Timed pulses of WNT and FGF signaling convert human and mouse pluripotent stem cells into neuromesodermal progenitors that can be directed to differentiate into spinal cord and paraxial mesoderm cells
Cells of the spinal cord and somites arise from shared, dual-fated precursors, located towards the posterior of the elongating embryo. Here we show that these neuromesodermal progenitors (NMPs) can readily be generated in vitro from mouse and human pluripotent stem cells by activating Wnt and Fgf signalling, timed to emulate in vivo development. Similar to NMPs in vivo, these cells co-express the neural factor Sox2 and the mesodermal factor Brachyury and differentiate into neural and paraxial mesoderm in vitro and in vivo. The neural cells produced by NMPs have spinal cord but not anterior neural identity and can differentiate into spinal cord motor neurons. This is consistent with the shared origin of spinal cord and somites and the distinct ontogeny of the anterior and posterior nervous system. Systematic analysis of the transcriptome during differentiation identifies the molecular correlates of each of the cell identities and the routes by which they are obtained. Moreover, we take advantage of the system to provide evidence that Brachyury represses neural differentiation and that signals from mesoderm are not necessary to induce the posterior identity of spinal cord cells. This indicates that the mesoderm inducing and posteriorising functions of Wnt signalling represent two molecularly separate activities. Together the data illustrate how reverse engineering normal developmental mechanisms allows the differentiation of specific cell types in vitro and the analysis of previous difficult to access aspects of embryo development.
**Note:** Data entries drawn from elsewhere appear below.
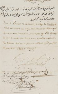 province de Calloubié, le village de Choubian Hariss, est accordé au Kiaya de la caravane du pelerinage depuis un tems immemorial » ; on prie d’en délivrer les titres en faveur de Mehemad Aga, qui fait office de Kiaya… Bonaparte a donné l’ordre de renvoyer la demande au citoyen Poussielgue qui, comme administrateur général des finances, prie l’intendant général « de vérifier si ce village est réellement affreté à la Caravanne »… Au verso, apostilles signées de Poussielgue et des administrateurs Magallon et Pagliano.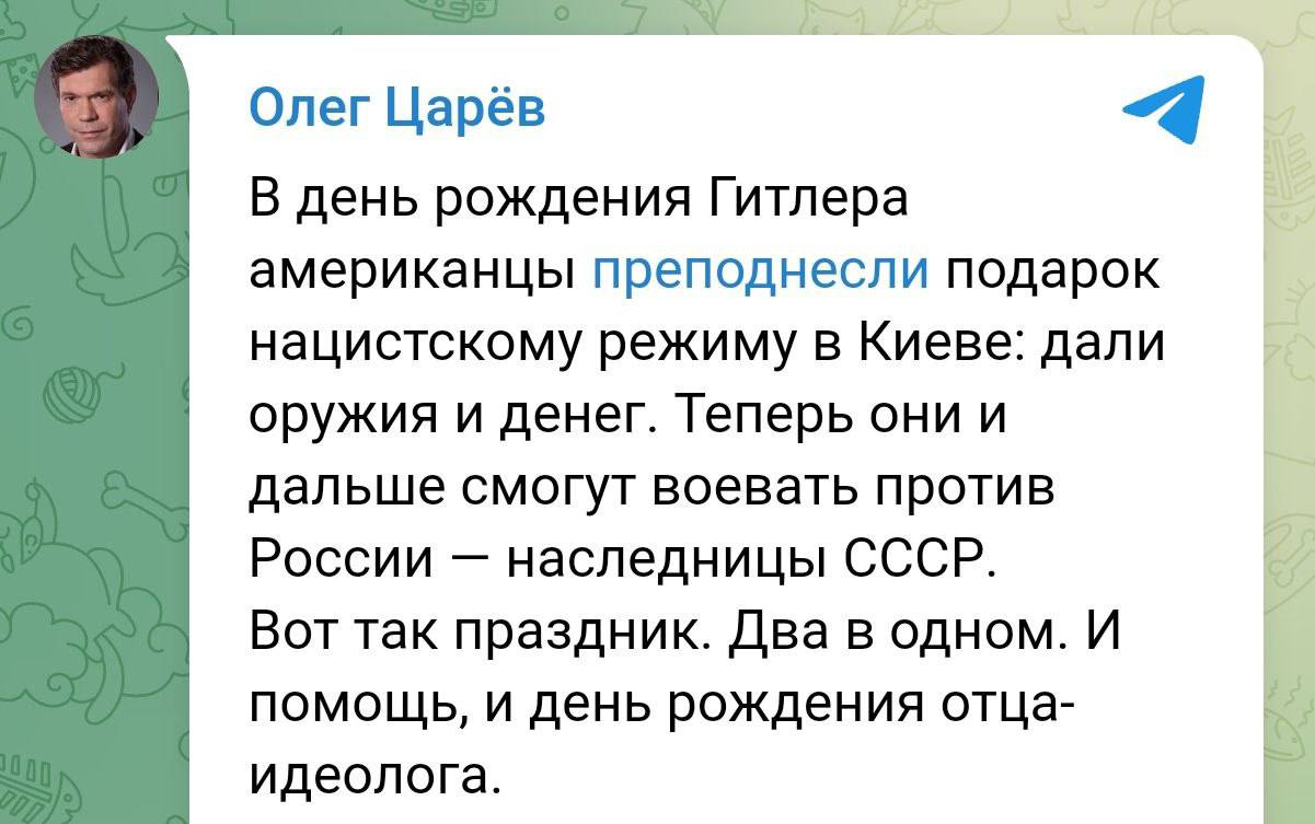 "Я считаю, что демонизация Украины началась Такером Карлсоном, который, по моему мнению, оказался там, где он должен быть все время, когда брал интервью у Владимира Путина"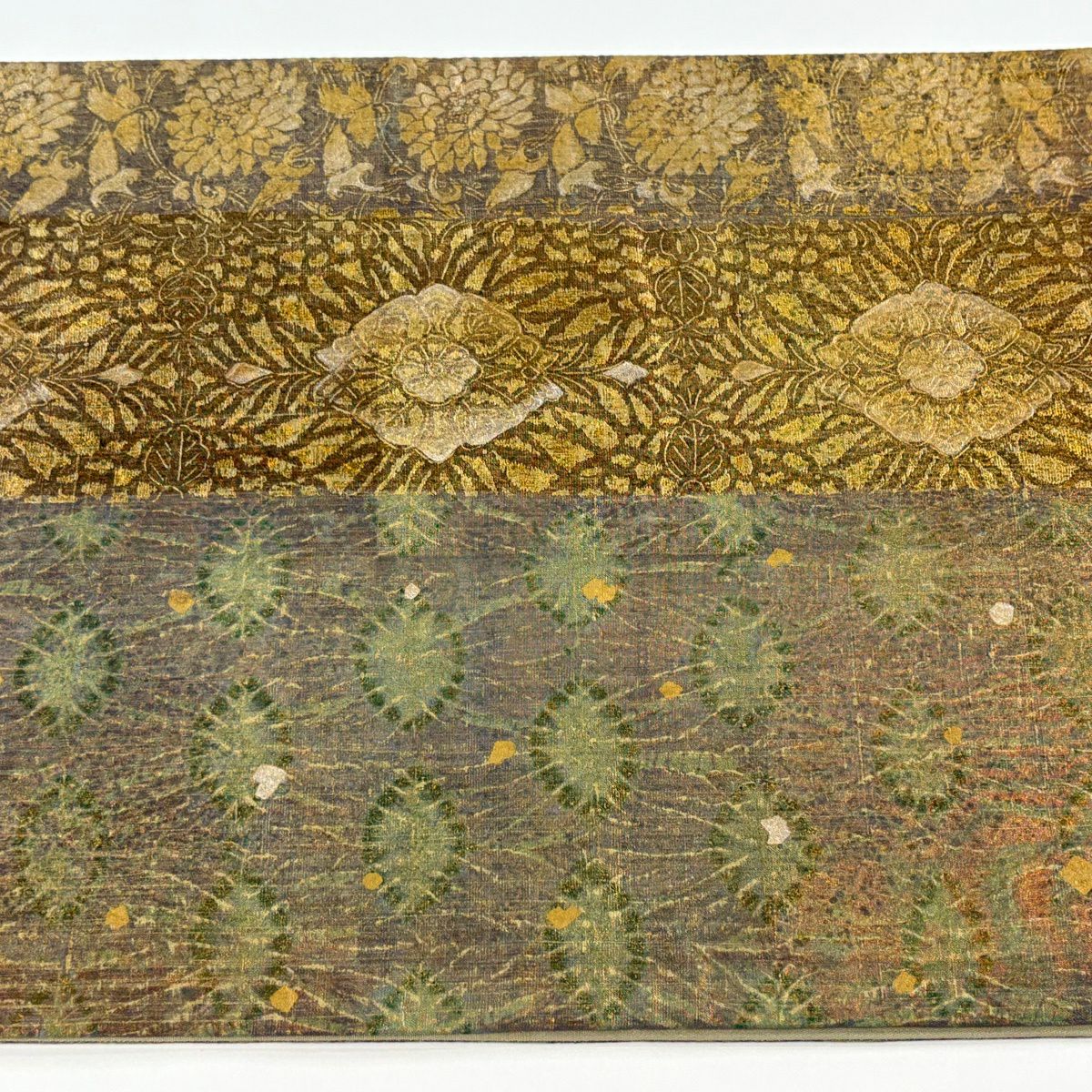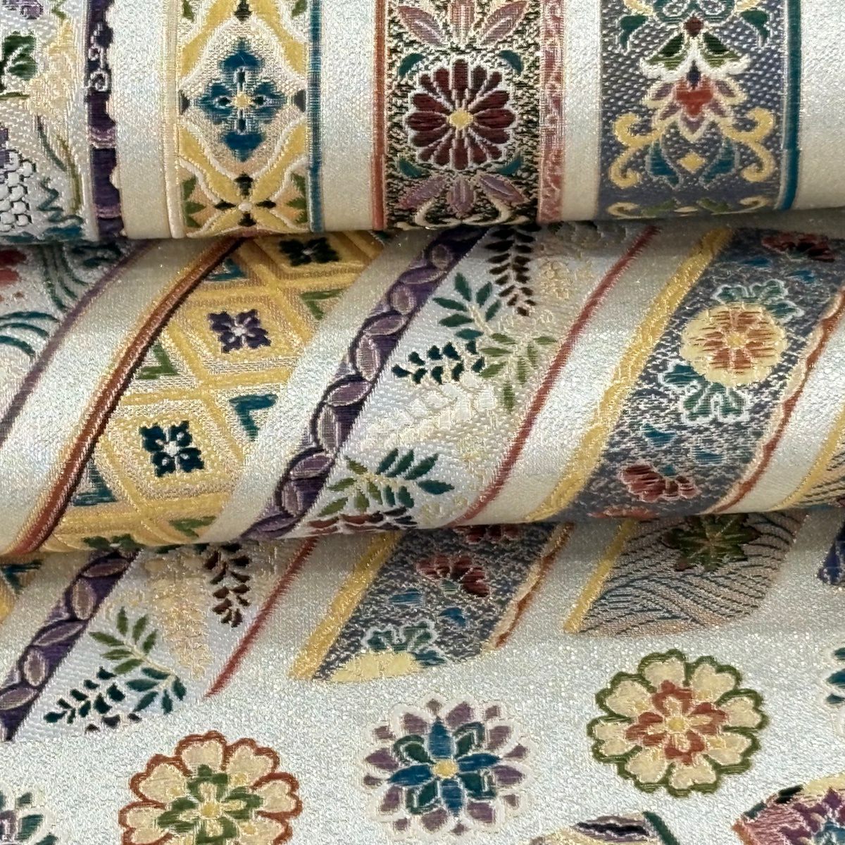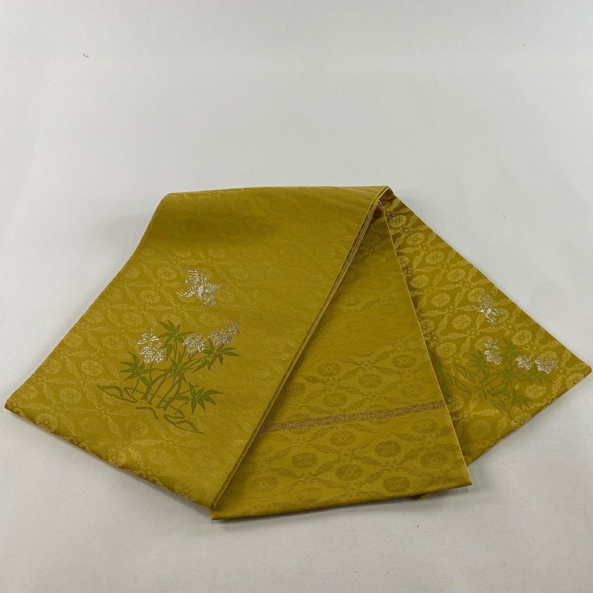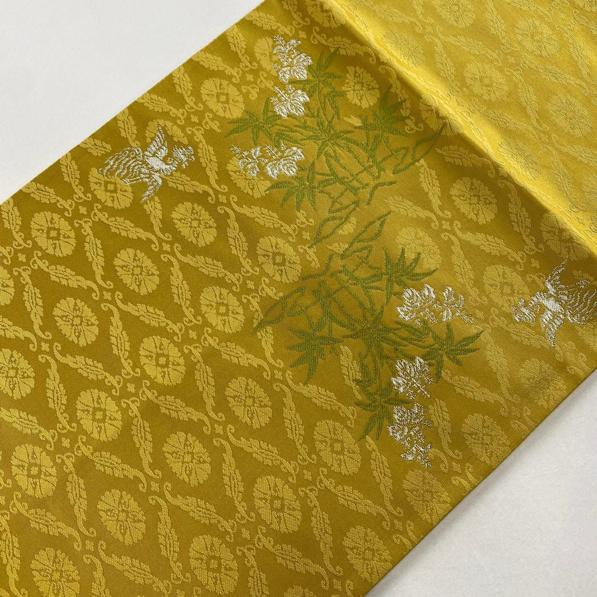【美品】 袋帯 逸品 河村織物 落款あり 段縞 草花 銀糸 箔 黄土色 六通 正絹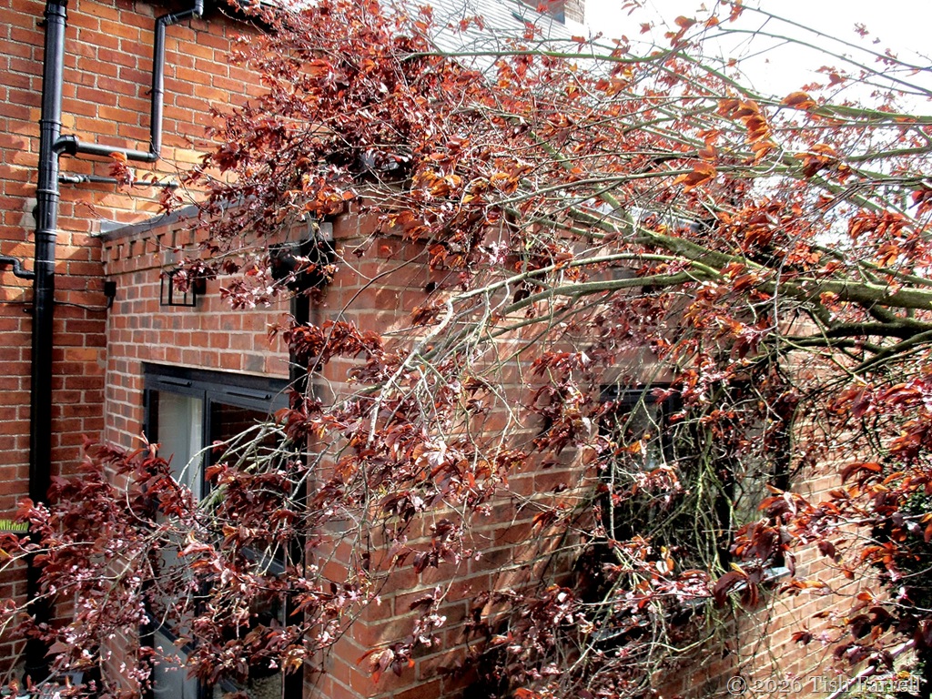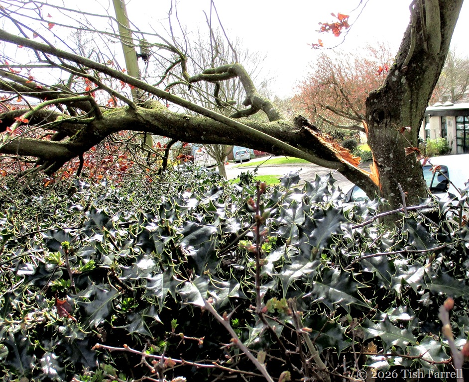 And so to last Saturday’s gale, and good bye cherry plum tree (2). It wasn’t our tree, but it gracefully filled our kitchen window view and we liked to watch it through the seasons. It also made up for the ‘horrid holly hedge’ which we acquired along with the house. On Easter Sunday we woke to this: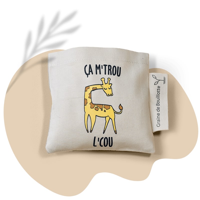 Optez pour cette chaufferette en graines de lin et profitez d'une chaleur douce avec humour !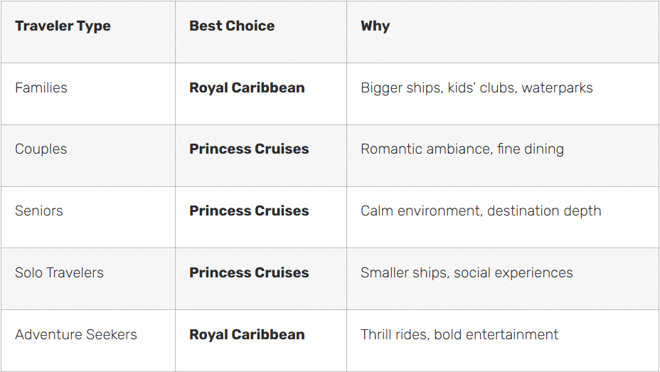 - Princess Cruises suits couples, retirees, and culture enthusiasts who value relaxation, fine dining, and enriching experiences.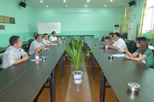 6月16日,主持学校工作的伍国樑副校长、招生办邓喜和主任、培训与就业中心班用名主任、总务科胡礼荣科长等一行5人到广西凤翔集团洽谈校企联合办学事宜,凤翔集团王晓董事长接见。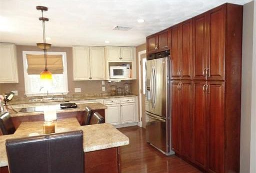Fabulous expanded ranch offering 4 bedrooms and 3.5 baths. The rear addition allows for a huge, gourmet, fully applianced (stainless steel), kitchen with custom cabinetry, desk area, pantry, and center island/dining area. The living room is just off the kitchen and has French doors leading to the sunroom. Large formal dining room with wet bar. The master suite with vaulted ceiling offers a huge walk-in closet and a full bath with jucuzzi tub and tiled shower. The lower level offers 4 rooms and a full bath and could be used as a potential in-law or au paire suite. Access to the pool area from the kitchen, sunroom, and 2nd bedroom. The hot tub and the cabana are included in the sale. The 2 car garage is spacious, has high ceilings, and storage area. Central air. Fenced lot. Neighborhood location. Very convenient to banking and shopping.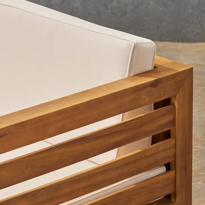 Whether you are sprawling out under the summer sun or having guests over for a mid-day refresher, this Christopher Knight Home Cambridge 5pc Acacia Wood Sofa Set has you covered in both impressive style and comfort. This set includes a three-seater sofa, an ottoman, and a coffee table, making this set perfect for hosting small outdoor get-togethers or just for lounging about outside with a good book. Featuring a wooden open-slat frame and fresh cushion colors, this Christopher Knight Home Cambridge 5pc Acacia Wood Sofa Set brings a timeless look to any outdoor space that will last for years to come.

Stem cells are providing insight into embryo development and offering new approaches to clinical and therapeutic research. In part this progress arises from “directed differentiation” – artificially controlling the types of cells produced from stem cells. Here we describe the directed differentiation of mouse and human pluripotent stem cells into cells of the spinal cord and paraxial mesoderm (the tissue that generates muscle and bone that is normally found adjacent to the spinal cord). During embryo development, spinal cord and paraxial mesoderm arise from a shared group of precursors known as neuromesodermal progenitors (NMPs). We show that signals to which NMPs are exposed in embryos can be used to generate NMPs from pluripotent stem cells in a dish. We define conditions for the conversion of these NMPs into either spinal cord or mesoderm cells. Using these conditions, we provide evidence that the decision between spinal cord and mesoderm involves a gene, Brachyury, that promotes mesoderm production by inhibiting spinal cord generation. Together the data illustrate how mimicking normal embryonic development allows the generation of specific cell types from stem cells and that this can be used to analyse cells that are otherwise difficult to study.